Day 3 focused on mass spectrometry, chromatography, and sample preparation. It's always exciting to see advances in the discovery field of bioanalysis, as these innovations can translate to the regulated space in the future. The first session of the third day featured great presentations on robotics, AI, and even a "blast from the past" with accelerator mass spectrometry for microdosing applications. Native LC-MS for biologic drug biotransformation and using LC-MS for ADA isotyping caught my attention to conclude the morning session. I see this as a key aspect of the future of LC-HRMS and a logical extension of intact protein mass analysis. The potential of direct analysis without dependance on critical reagents and avoiding analytical bias could simplify workflows and improve bioanalytical data interpretation. The afternoon continued the theme of new and challenging applications of mass spectrometry approaches to biomarker determinations in tissues—a keen area of interest for me. Additionally, both Day 1 and Day 3, along with the interspersed Q&A panel discussions, concluded with a summation of what from the sessions would be included in the 2025 White Paper in Bioanalysis. These White Papers serve as scientific conference reports with recommendations from the WRIB meeting and become useful reference articles so watch out for the publication in near future.
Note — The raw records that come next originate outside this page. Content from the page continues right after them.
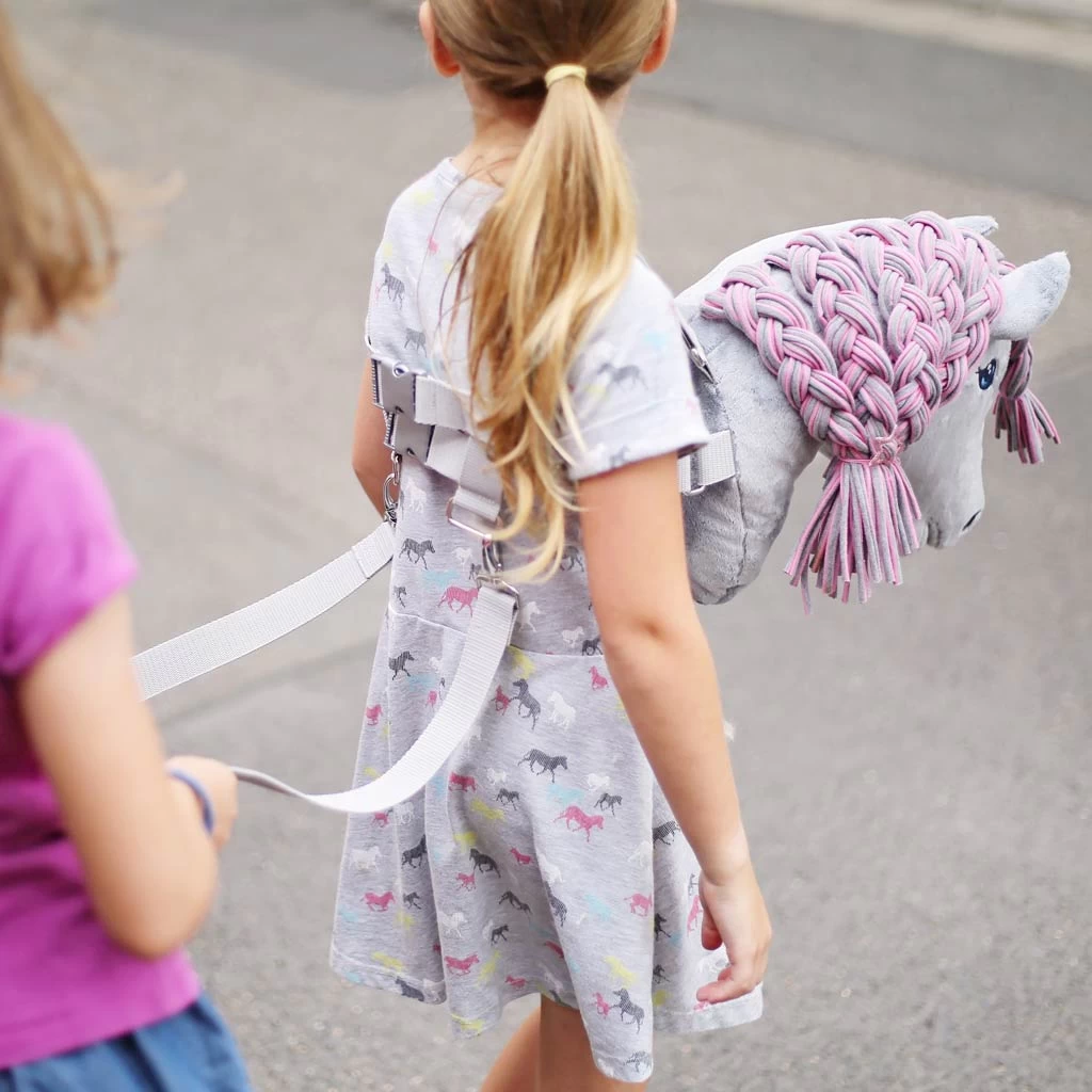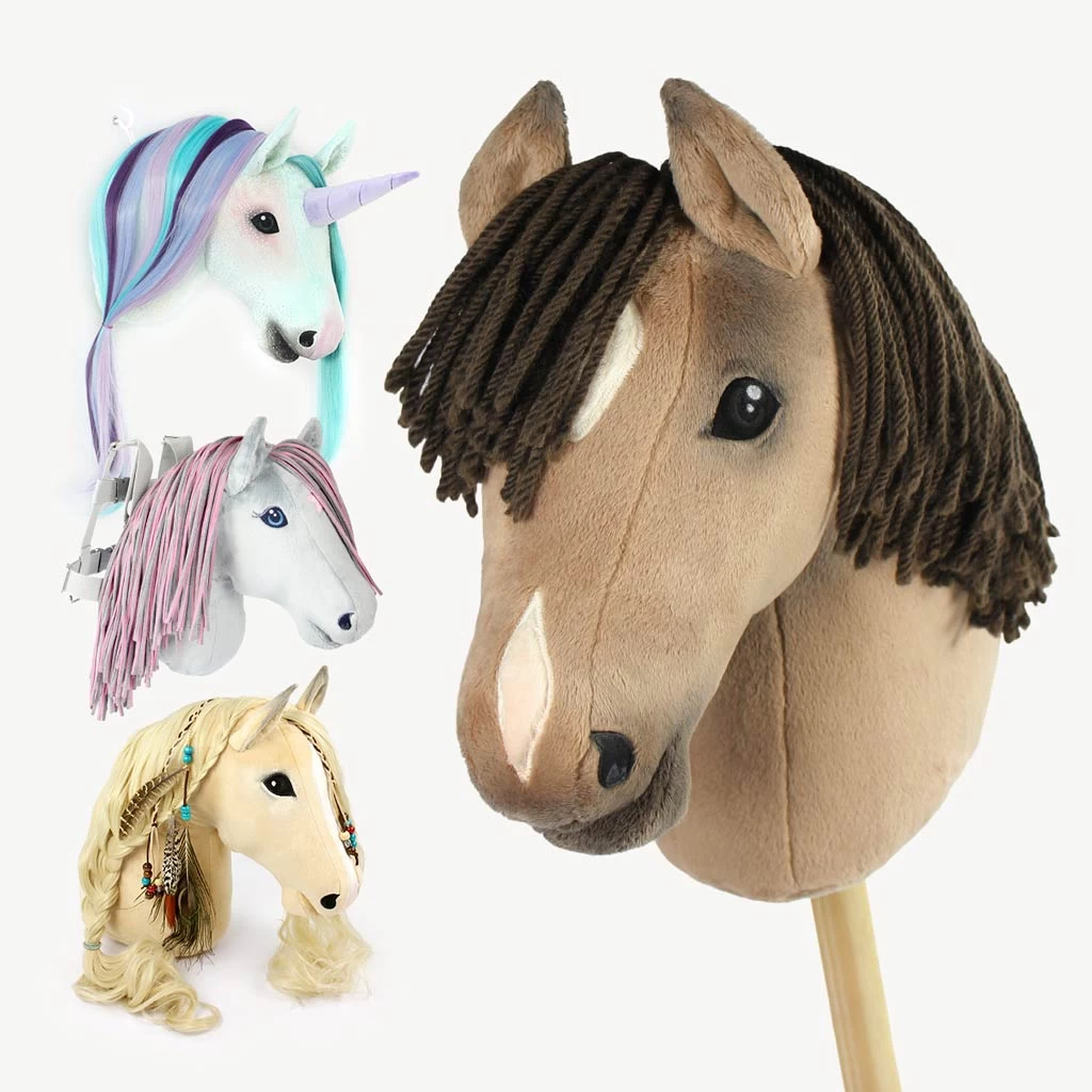 Hobby Horsing – das ist eine Sportart, bei der man Springreiten und Dressur auf einem Steckenpferd nachstellt. Aber ein Hobby Horse ist alles andere als ein eingestaubtes Steckenpferd von Omas Dachboden! Denn die modernen Hobby Horses begeistern Groß und Klein durch ihr realitätsnahes Aussehen. Dieses kommt durch die detailgetreue Form, die im Wind wehende Mähne und die Schattierungen zustande. Unser Hobby Horse Schnittmuster „HOLLY“ kann dabei sogar noch einiges mehr! Es enthält neben der klassischen Steckenpferd-Variante auch Abwandlungsmöglichkeiten für einen Frisierkopf zum Hinstellen, einer Wanddekoration zum Hinhängen oder einem Pferdkopf zum Umschnallen. Außerdem ist eine Vorlage für lange Eselsohren und für die Einhornfans ein Horn zum Aufnähen enthalten.
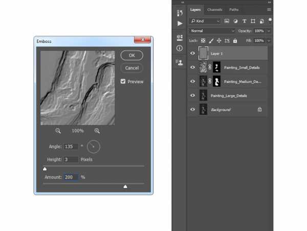 Переходим Filter – Stylize – Emboss (Фильтр – Стилизация – Тиснение). Устанавливаем Angle (Угол) на 135 градусов, Height (Высота) – на 3 пикселя и Amount (Эффект) – на 200%.
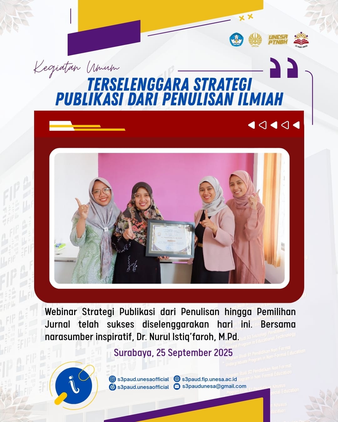 Program Studi S3 Pendidikan Anak Usia Dini (PAUD), Fakultas Ilmu Pendidikan, Universitas Negeri Surabaya (UNESA) sukses menyelenggarakan Webinar Stra
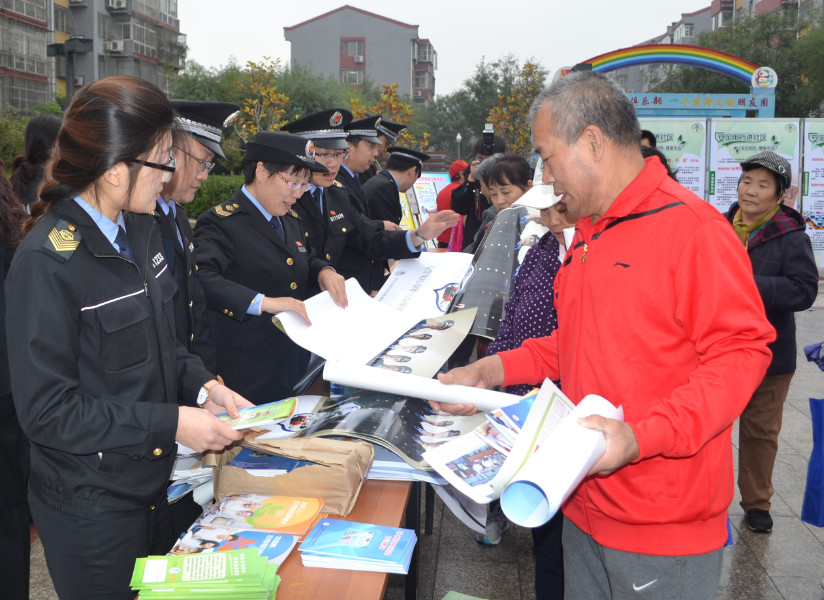 圖為順義區(qū)食藥監(jiān)管局工作人員向居民發(fā)放宣傳資料。 王東海 攝
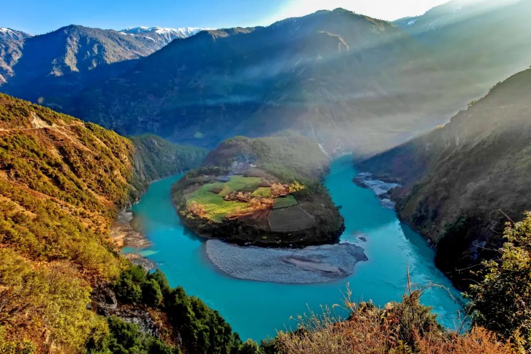從空中俯瞰,怒江從孤峽絕壁中疾馳而來(lái),歷經(jīng)億萬(wàn)年沖刷著僵冷的石塊,才展覽成一道能令世界矚目的奇觀。
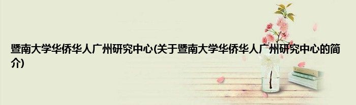 大家好,暨南大学华侨华人广州研究中心,关于暨南大学华侨华人广州研究中心的简介很多人还不知道,现在让我们一起来看看吧!
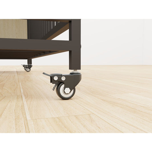 Large pet cage with storage rack, drawers with stainless steel food and water basins, double-layer storage rack made of iron frame and MDF material, sturdy, exquisite, and practical (black+beige)
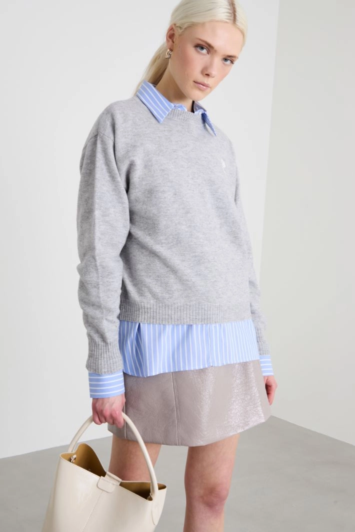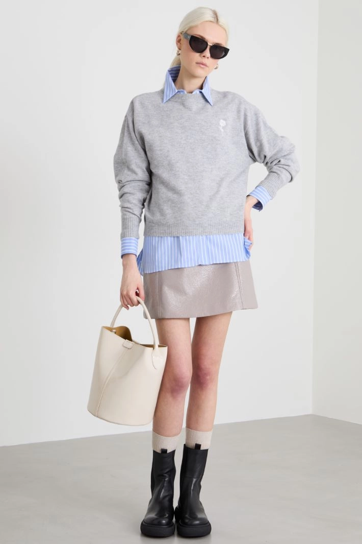 Regular-fit sweater in pure wool yarn, with crew neck, long sleeves and ribbed edges.

My week in New Orleans concluded with the GCC closed forum. This session provided a look at regulated bioanalysis through the lens of a CRO, often with valuable nuance. High-profile topics on the agenda included CRO compliance with the 2025 US FDA BMV Guidance for Biomarkers, continuation of the hotly debated Sample Reconciliation recommendations, Cross-Validation Harmonization, and the use of Electronic Lab Notebooks (ELNs) in CROs. As expected, there were robust discussions, and I hope we can reflect the key debate angles in a white paper from this GCC forum. The FDA biomarker BMV guidance showed split opinions, with some appreciating the clarity that reference to ICH M10 brings. Others, including myself, shared concerns about the lack of reference to context of use (CoU) in ICH M10, which is pivotal for biomarker bioanalysis. The ICH M10 language around cross validations was another thoroughly debated topic, focusing on whether acceptance criteria should apply. We were reminded that the expert working group (EWG) for M10 explicitly positioned the guidance language to avoid acceptance criteria for cross-validation statistical assessments. Bioanalysts often seek acceptance criteria, but this is one area where variables may easily preclude a priori criteria. Concluding GCC with a discussion on the trials and tribulations of implementing ELN systems in regulated bioanalytical CROs seemed particularly apt. The potential benefits are obvious, but the challenges are significant. I’ve been involved in a long journey on adoption of ELN systems in our own labs (a topic of a future blog). It’s more challenging than anyone first considers adapting human-based notebook documentation into a fully electronic system. However, I feel as an industry we are getting there now and such community discussions, as fostered by GCC, help the debate, further our discipline and keep us aligned in supporting optimized drug development.
Next year, the 20th WRIB will be held April 13-17 in Dallas, TX. It's hard to believe I've been attending this meeting for 20 years, but it's as relevant as ever. Congratulations again to the WRIB organizing team.